TiCDC synchronization progress stalls, sorter files increase dramatically

translator_bot · June 23, 2024, 2:34am

Note:
This topic has been translated from a Chinese forum by GPT and might contain errors.

Original topic: TiCDC同步进度停滞，sorter文件剧增

| username: dengqee

【TiDB Usage Environment】Production Environment
【TiDB Version】v5.3.0
【Encountered Problem】
When using CDC for incremental synchronization, the checkpoint occasionally stalls and sometimes suddenly catches up. This issue occurred again yesterday, with the checkpoint remaining unchanged and the checkpoint lag reaching 13 hours. Additionally, the sorter of two CDCs increased significantly.

【Reproduction Path】Operations performed that led to the issue
【Problem Phenomenon and Impact】
【Attachments】

Relevant logs, configuration files, Grafana monitoring (https://metricstool.pingcap.com/)
TiUP Cluster Display information
TiUP Cluster Edit config information
TiDB-Overview monitoring
Corresponding module Grafana monitoring (if any, such as BR, TiDB-binlog, TiCDC, etc.)
Corresponding module logs (including logs from 1 hour before and after the issue)

For questions related to performance optimization and fault troubleshooting, please download and run the script. Please select all and copy-paste the terminal output results for upload.

translator_bot · June 23, 2024, 2:34am

| username: h5n1 | Original post link

Check the cdc.log log, use cdc cli changefeed query -c xxx to query the status of the changefeed.

translator_bot · June 23, 2024, 2:34am

| username: dengqee | Original post link

Yesterday’s query status was normal, and cdc.log kept showing “Unified Sorter: trying to create file backEnd.” Now the changefeed has failed, reporting this:
“message”: “[CDC:ErrGCTTLExceeded]the checkpoint-ts(436308863790350610) lag of the changefeed(simple-replication-task) has exceeded the GC TTL”

translator_bot · June 23, 2024, 2:34am

| username: dengqee | Original post link

Because there was a period when a table had 8 million rows of data deleted, it caused one CDC node to have a high load, and the speed of flushing to the downstream couldn’t keep up. Then the checkpointTs of that node didn’t change and there were no errors reported. Is there any way to optimize this? Additionally, the network bandwidth from upstream to downstream is only 100M.

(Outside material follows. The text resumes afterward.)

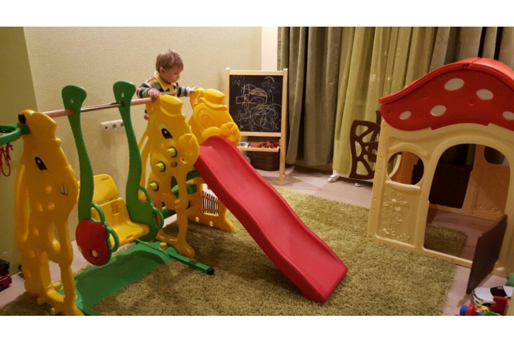 Описание: * Игровой комплекс окрашен в яркие цвета; * В основе изделия используется полый высокопрочный структурный пластик с надежными крепежными элементами; * Комплекс не имеет острых углов, все детали закруглены; * Боковая часть лесенки сделана в виде силуэта зайца с улыбающейся мордочкой; * Благодаря широким ступенькам малышу будет легко подниматься наверх; * Удобные, красивые качели, с изображением божьей коровки на боковинах; * Специальное игровое кольцо; * Легко содержать в чистоте; * Для детей от 1,5 - 8 лет; * Предназначено для использования, как на улице, так и в закрытых помещениях; Благодаря горке «Зайчик» Ваш ребенок сможет прекрасно проводить время со своими друзьями. Это безопасное и увлекательное времяпровождение для детей! Комплектация: * Пластиковая горка, * Лесенка, * Кольцо баскетбольное, * Качели. Параметры: * Общие размеры: 160*111*111 * Высота горки: 1,11 м. * Занимаемая площадь: 1,11 х 1,60 м. * Допустимая нагрузка: 80 кг. * Масса изделия: 22,0 кг.

translator_bot · June 23, 2024, 2:34am

| username: asddongmen | Original post link

The v5.3.0 version of CDC does not support large transactions. It is recommended that when using CDC for synchronization, the transaction size should not exceed 100MB; otherwise, it will severely slow down the synchronization process and may eventually lead to synchronization failure. If possible, consider using the v6.1.1 version of CDC and enable the large transaction splitting feature, which can effectively solve the above problem.

translator_bot · June 23, 2024, 2:34am

| username: system | Original post link

This topic was automatically closed 60 days after the last reply. New replies are no longer allowed.